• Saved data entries

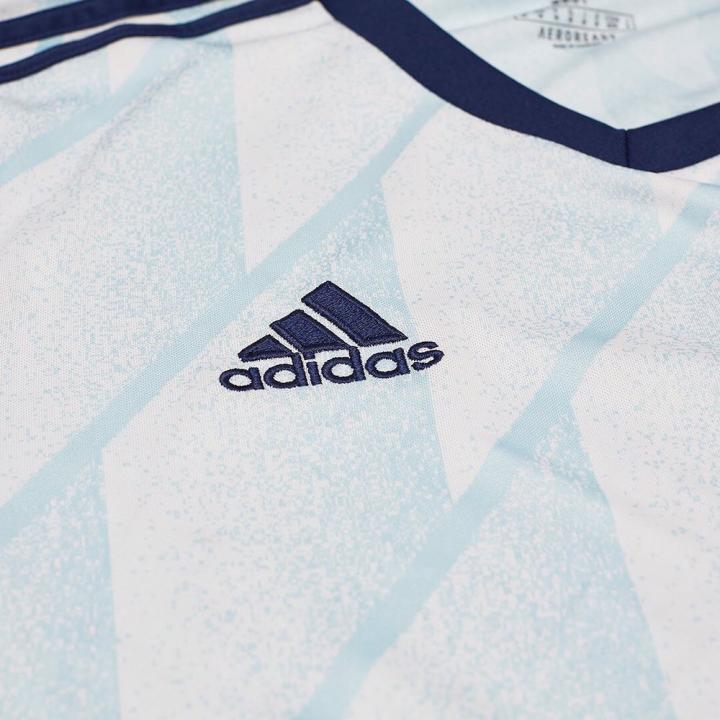 苏格兰国家队2020年全新客场球衣上拥有白色与浅蓝色组合而成的复古集合图案,让人不禁想到晴朗的天空。简约的V领与肩膀上的阿迪达斯胜利三条纹则采用色彩对比强烈的海军蓝色装饰。带有海军蓝色细节的白色球裤与球袜共同构成苏格兰代表队2020年完整的客场形象。
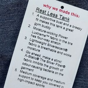 NEW Lululemon Rest Less Tank in Heathered Inkwell / Wee Are From Space October Inkwell / Inkwell Size 6. Hang tag is removed, rip tag is attached - never worn, tried on only.
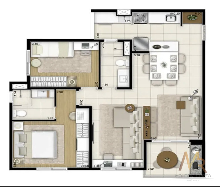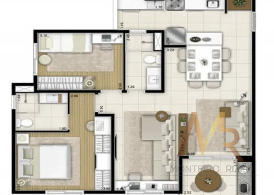 * 3 dormitórios (sendo 1 suíte, 1 quarto e 1 escritório – dormitório ampliado para integração com a sala)
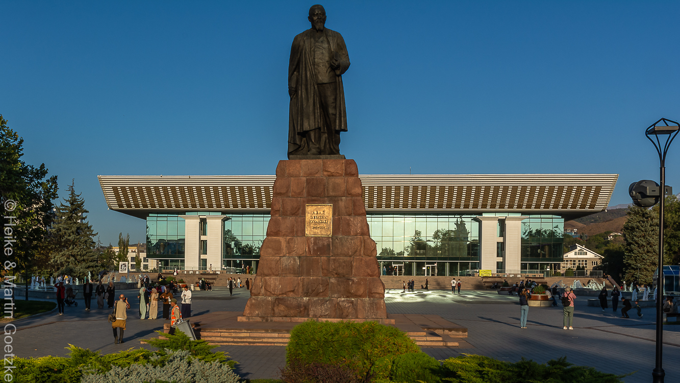 Hier in Kasachstan, aber auch in Xinyjiang und Kirgistan scheint alles recht neu zu sein, gefühltes Durchschnittsalter 50 Jahre. Viel aus der russischen Ära (in den beiden K Ländern). Der Stadtrundgang ist, wie Stadtrundgänge sind. Denkmal für oder gegen diesen oder jenen hier und dort auch noch eines, wichtiges Theater drüben und hüben ein sehenswertes Gebäude. Hängen bleibt, die Stadt ist eine moderne Stadt und braucht den Vergleich mit Städten in Europa nicht scheuen.
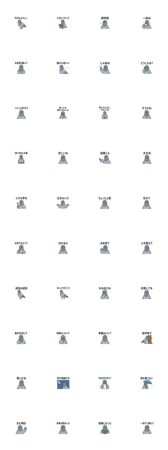 人生経験豊富なハト。悩む友人への返信や心を落ち着けたい時に。優しく寄り添う大人の挨拶です。
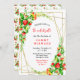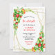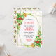 This fun and whimsical birthday party invitation features watercolor strawberries, daisies and foliage on a gold geometric frame. The text combines handwritten script and serif fonts for a stylish and modern look. This is perfect for a summer rustic birthday party.
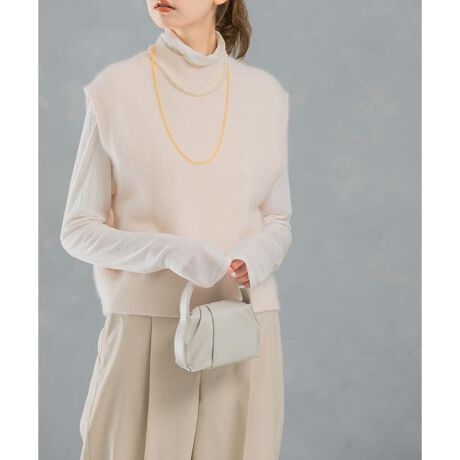 ふわっとエアリーな風合いで存在感のあるニットベスト。フォックス混素材のため、毛吹きが上品でリッチな質感が魅力的です。保湿性も高くチクチク感のない、リラクシーな着心地も嬉しいポイント◎着丈も身幅もコンパクトに仕立て、幅広いボトムとバランス良く決まるデザインに拘りました。広めのアームホールを設定することで、デザインブラウスやワンピースとのレイヤードアイテムとしても着回し可能な一着に。
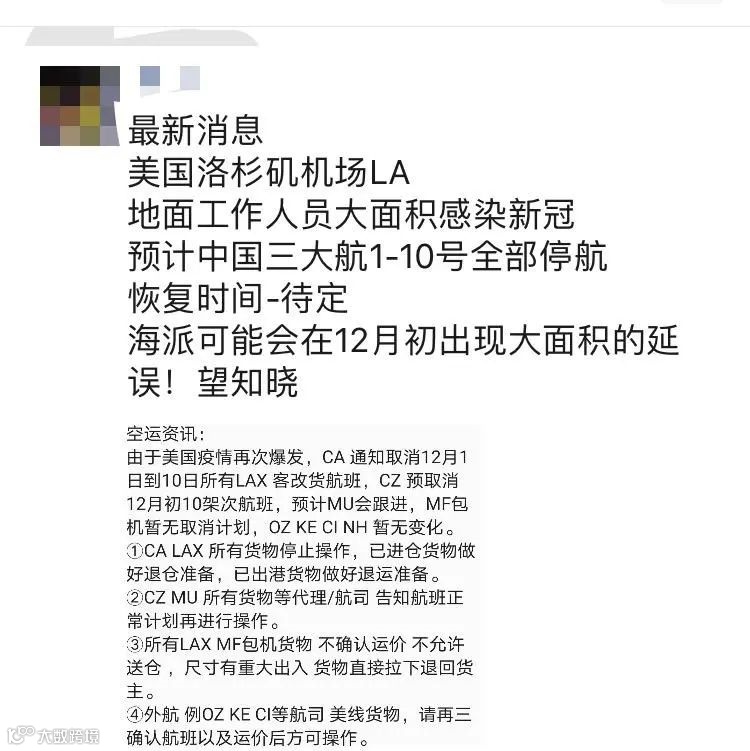 11月28日,洛杉矶拆板人员大面积感染新冠疫情,让原本就寸步难行的美线物流“濒临停摆”,中国国际航空公司通知取消12月1日到10日所有LAX客改货航班。
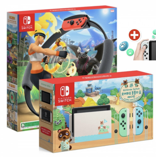 4. 닌텐도 스위치 본체 동물의숲에디션+링 피트 어드벤처 세트+OLED공용 조이콘커버 악세사리
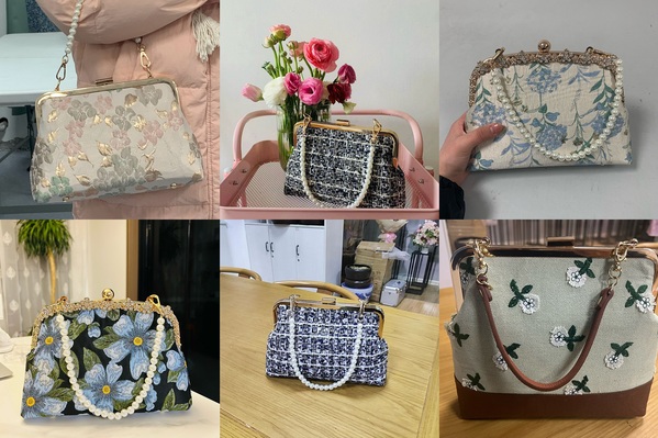 看着色泽鲜艳的材料,对照一个个款式新颖的图片,现场师生兴趣十足,纷纷按照步骤从缝制衬布、贴布、翻面、再到缝合,制作起来。经过穿针引线、“描龙画凤”,一个个手作口金包惊艳亮相,现场气氛活跃,大家互相欣赏、品鉴彼此的手工的精妙及不足之处,沉醉其中,其乐融融。

• Exercise goal
Print only the lines from the line that contains "ふわっとエアリーな風合いで存" to the final line of the data, inclusive. Pictures stay out.

• Answer to this task
 ふわっとエアリーな風合いで存在感のあるニットベスト。フォックス混素材のため、毛吹きが上品でリッチな質感が魅力的です。保湿性も高くチクチク感のない、リラクシーな着心地も嬉しいポイント◎着丈も身幅もコンパクトに仕立て、幅広いボトムとバランス良く決まるデザインに拘りました。広めのアームホールを設定することで、デザインブラウスやワンピースとのレイヤードアイテムとしても着回し可能な一着に。
 11月28日,洛杉矶拆板人员大面积感染新冠疫情,让原本就寸步难行的美线物流“濒临停摆”,中国国际航空公司通知取消12月1日到10日所有LAX客改货航班。
 4. 닌텐도 스위치 본체 동물의숲에디션+링 피트 어드벤처 세트+OLED공용 조이콘커버 악세사리
 看着色泽鲜艳的材料,对照一个个款式新颖的图片,现场师生兴趣十足,纷纷按照步骤从缝制衬布、贴布、翻面、再到缝合,制作起来。经过穿针引线、“描龙画凤”,一个个手作口金包惊艳亮相,现场气氛活跃,大家互相欣赏、品鉴彼此的手工的精妙及不足之处,沉醉其中,其乐融融。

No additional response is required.